12.3.3 Renaming Columns

# Note the use of a Python dictionary as this method's argument
mpg = mpg.rename({"cty":"city", "hwy": "highway"})
mpg
manufacturer model displ year cyl trans drv cty hwy fl class
0 audi a4 1.8 1999 4 auto(l5) f 18 29 p compact
1 audi a4 1.8 1999 4 manual(m5) f 21 29 p compact
2 audi a4 2.0 2008 4 manual(m6) f 20 31 p compact
3 audi a4 2.0 2008 4 auto(av) f 21 30 p compact
4 audi a4 2.8 1999 6 auto(l5) f 16 26 p compact
... ... ... ... ... ... ... ... ... ... ... ...
229 volkswagen passat 2.0 2008 4 auto(s6) f 19 28 p midsize
230 volkswagen passat 2.0 2008 4 manual(m6) f 21 29 p midsize
231 volkswagen passat 2.8 1999 6 auto(l5) f 16 26 p midsize
232 volkswagen passat 2.8 1999 6 manual(m5) f 18 26 p midsize
233 volkswagen passat 3.6 2008 6 auto(s6) f 17 26 p midsize

234 rows × 11 columns

12.3.4 Create new columns

You can use assign() to create new columns based on existing ones.
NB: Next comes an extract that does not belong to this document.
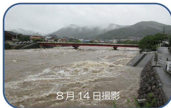
国道314号から見た田黒川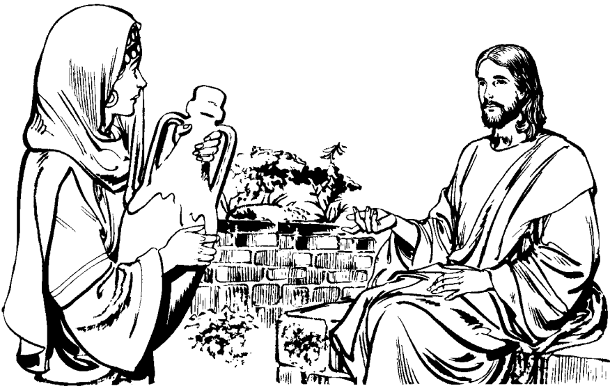
Samariá ca yoxa Jesu qui chitiminina

mpg = mpg.assign(displ_per_cyl = mpg.displ/mpg.cyl)
mpg
manufacturer model displ year cyl trans drv cty hwy fl class displ_per_cyl
0 audi a4 1.8 1999 4 auto(l5) f 18 29 p compact 0.450000
1 audi a4 1.8 1999 4 manual(m5) f 21 29 p compact 0.450000
2 audi a4 2.0 2008 4 manual(m6) f 20 31 p compact 0.500000
3 audi a4 2.0 2008 4 auto(av) f 21 30 p compact 0.500000
4 audi a4 2.8 1999 6 auto(l5) f 16 26 p compact 0.466667
... ... ... ... ... ... ... ... ... ... ... ... ...
229 volkswagen passat 2.0 2008 4 auto(s6) f 19 28 p midsize 0.500000
230 volkswagen passat 2.0 2008 4 manual(m6) f 21 29 p midsize 0.500000
231 volkswagen passat 2.8 1999 6 auto(l5) f 16 26 p midsize 0.466667
232 volkswagen passat 2.8 1999 6 manual(m5) f 18 26 p midsize 0.466667
233 volkswagen passat 3.6 2008 6 auto(s6) f 17 26 p midsize 0.600000

234 rows × 12 columns

12.3.5 Grouping and Summarizing

This combines a couple functions that exist within Pandas to create summary tables.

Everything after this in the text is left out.